CISR induced metabolic changes correlated with differences in the gut microbiome. (A) Correlation plot showed the functional correlation between perturbed gut bacteria and altered fecal metabolites at the genus level. (B,C) An integrated correlation-based network analysis (Pearson’s correlation) of microbes and metabolites. (B) The size of the nodes represented the number of significant correlations, and the thickness of lines represented the strength of correlations. The pink solid lines and a blue dotted lines represented positive and negative correlations, respectively. (C) The direction of the correlation was indicated by green (positive) or red (negative) lines, and bold indicates metabolites with greater correlativity. (D) Scatter plots illustrate associations between altered gut bacteria genera and typical gut microflora-related metabolites, including glycerophospholipids, fatty acids, amino acids, and purines (* p < 0.05; ** p < 0.01, Pearson’s test).

3. Discussion

Currently, the consumption of caffeine to maintain wakefulness followed by CISR is very common, and is particularly prominent among specific groups [42,43,44]. Research has verified that changes in intestinal microbes are closely related to human health, but these changes are susceptible to certain factors including individual circadian rhythms [45]. In this study, we compared mice on a regular sleep schedule and those subjected to CISR to explore its effects on the intestinal microbiota. Our result revealed that CISR perturbed the diversity and composition of the gut microbiome and distinctly changed its metabolism and function of the gut microbiota. We showed that the most abundant metabolites identified were lipids and the most significantly altered metabolic pathway was the glycerophospholipid metabolism. Importantly, we found that differential metabolites were more relevant to the changes in Proteobacteria and Actinobacteria. Our results offered possible explanations for the widespread health concerns about the effects of sleep loss on intestinal health caused by a caffeine consumption and they raise important questions about precisely how metabolic changes associated with gut microbiome perturbations can be induced by the ill-timed consumption of coffee in daily life.

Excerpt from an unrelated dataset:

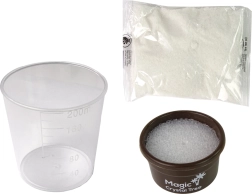 - Messlöffel (Messbecher), Kristallpulver, Rührstab, „Samen“ der Kristalle (Baumgrund), Lupe, Blumentopf, runder saugfähiger Filter, Holzplättchen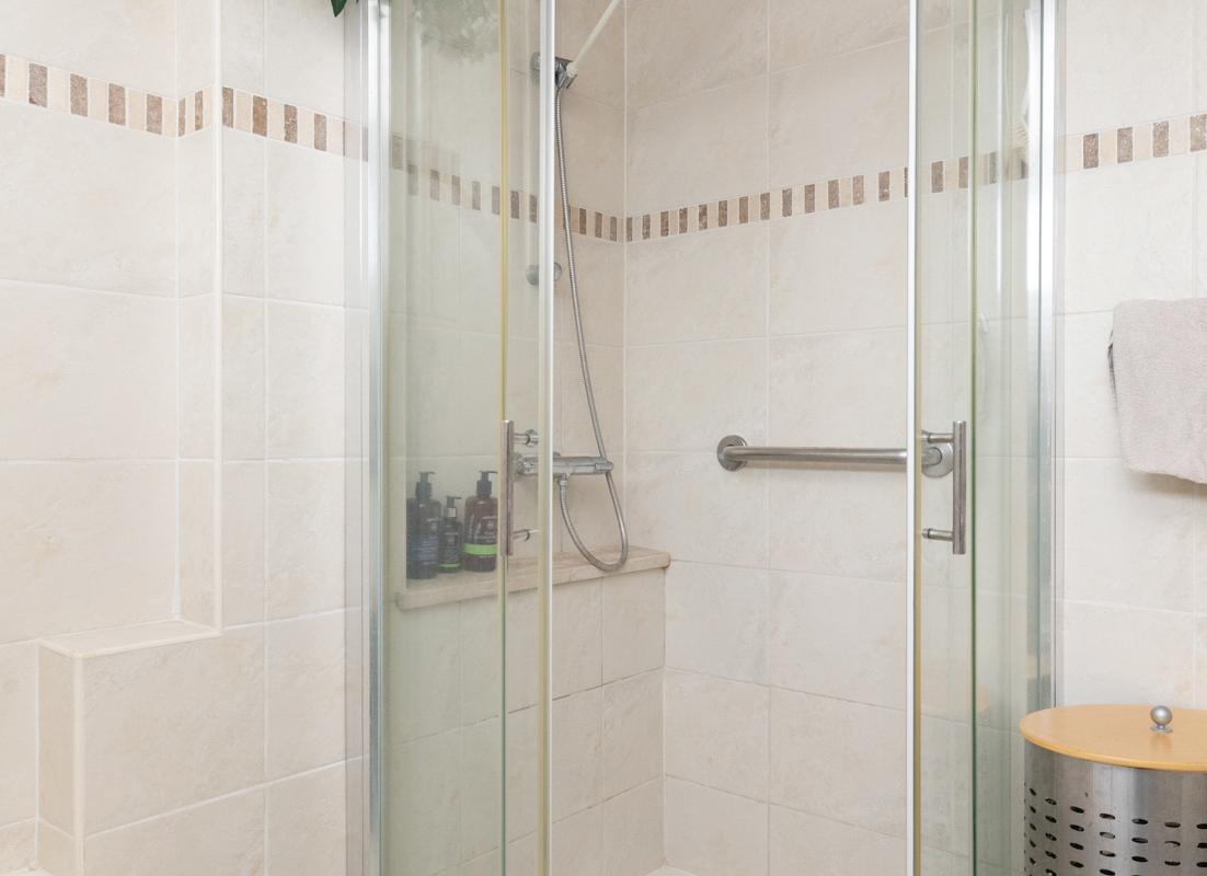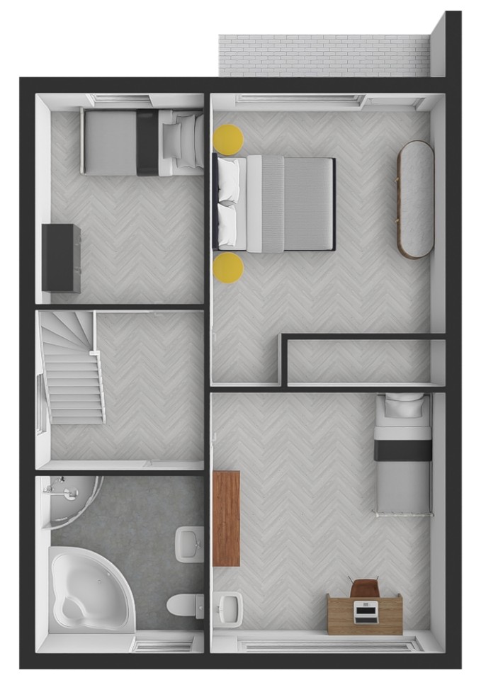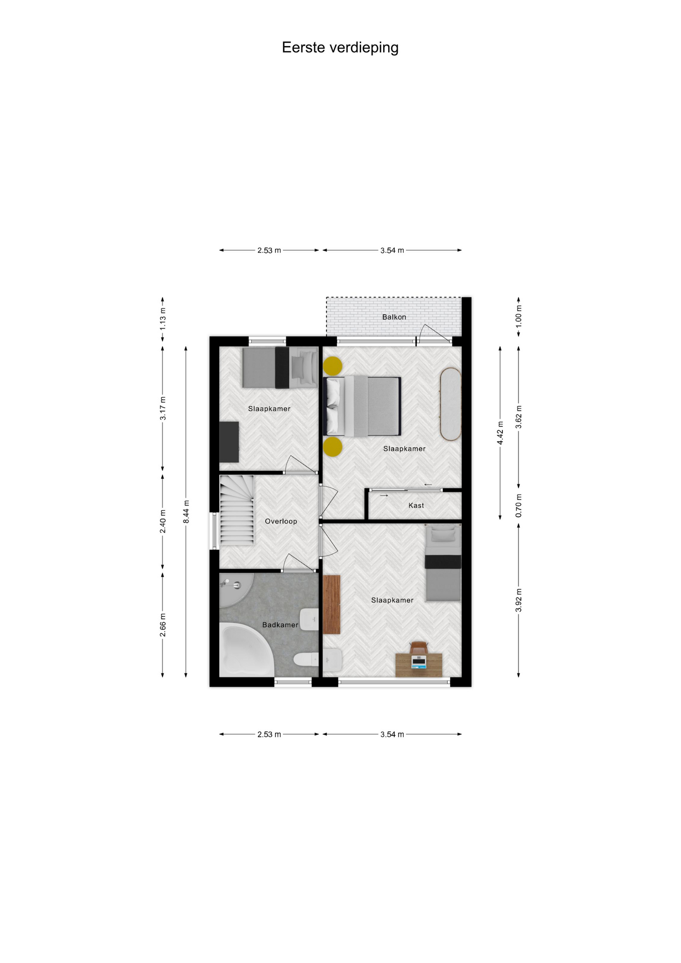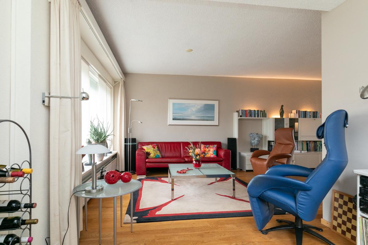 1e Verdieping: Overloop met toegang tot de 3 ruime slaapkamers en de badkamer. Ruime slaapkamer gelegen aan de voorzijde. Hoofdslaapkamer gelegen aan de voorzijde vaste kastenwand en toegang tot het balkon. De 3e slaapkamer is aan de achterzijde gelegen en beschikt over een vaste wastafel. Kenmerkend voor deze woningen zijn eveneens op deze verdieping de grote raampartijen. De badkamer is eveneens ruim van opzet en volledig betegeld en voorzien van een inloopdouche, wandcloset, wastafelmeubel, een verdiept hoekbad en een handdoekradiator.

3.1. Chronic CISR Affects Gut Microbiota in Mice

The effects of sleep loss on gut microbial diversity and composition are perennial topics. Sleep deprivation disrupts the gut microbiota, negatively affects the gut permeability, and enhances the translocation of viable bacteria from the gut [46]. The gut microbiome affects sleep by altering the balance of neurotransmitters in the gut [47]. In addition, sleep deprivation increases the risk of depression, which in turn increases the risk of insomnia [48,49]. Moreover, the gut microbiome regulates host sleep and mental states through the microbiome–gut–brain (MGB) axis [50]. In summary, there is a network of relationships between gut microbiome, sleep deprivation, and depression, and the gut microbiome is indispensable for the research and treatment of human mental disease and sleep disorders. Research has shown that a long duration of sleep deprivation may lead to changes in α-diversity, while β-diversity is usually not affected [46]. However, we found more significant changes in the microbial community profiling, with a significant separation between the control and CISR groups in the β-diversity analysis, and a significant decrease in the ACE index in the alpha diversity index after the CISR treatment. We also found a significant decrease in the abundance of Proteobacteria and Actinobacteria. Various studies have suggested that Proteobacteria is a Gram-negative bacteria that is commonly overrepresented in several intestinal diseases and causes a decrease in intestinal mucus, which triggers the impaired intestinal barrier and low-grade inflammation [51,52]. In our results, similar to the previous studies, the abundance of pro-inflammatory bacteria Proteobacteria was significantly decreased after the CISR treatment, suggesting that a sleep restriction may not induce gut dysbiosis and inflammatory responses through this microbial pathway [53]. Actinobacteria is widely used as probiotics, demonstrating beneficial effects on numerous pathological conditions, and they are critical in the maintenance of gut homeostasis, the modulation of gut permeability, the immune system, and gut–brain axis [54]. However, the abundance of probiotic Actinobacteria was significantly decreased after CISR, which was primarily related to the disruption of gut dysbiosis by a sleep restriction [46].

In this study, we did not observe significant changes in the F/B (Firmicutes/Bacteroidetes) ratio. Numerous studies have found an increased F/B ratio in the gut microbiota in both mice and humans subjected to a sleep disruption and restriction [22,24,55]. However, a caffeine consumption could attenuate the increase in the F/B ratio in high-fat-fed rats [38]. Caffeine has been demonstrated to influence the communication between bacteria as a potential quorum sensing inhibitor of bacterial pathogenesis, with some antioxidative and anti-inflammatory properties, as well as antimicrobial effects [56,57,58]. In addition, caffeine has complex and dose-dependent effects on gut immunity. For example, caffeine has been demonstrated to exhibit anti-inflammatory effects at low concentrations and pro-inflammatory effects at high levels by inhibiting or activating cytokines [59]. As for the role of caffeine in sleep restriction, it has been suggested to exert a neuroprotective effect, meliorate the dysbiosis of gut microbiota, and reduce the levels of proinflammatory factors in serum [53,60]. Considering the above effects, we do not deny the possible beneficial effects of caffeine, but the inopportune use of caffeine in our CISR model caused negative effects. All these results suggest that CISR can promote changes in the gut environment, increase the risk of a gut flora perturbation, and affect microbial diversity in mice, but changes in the proportions of the dominant phyla may not represent a core mechanism for the CISR effects on gut health.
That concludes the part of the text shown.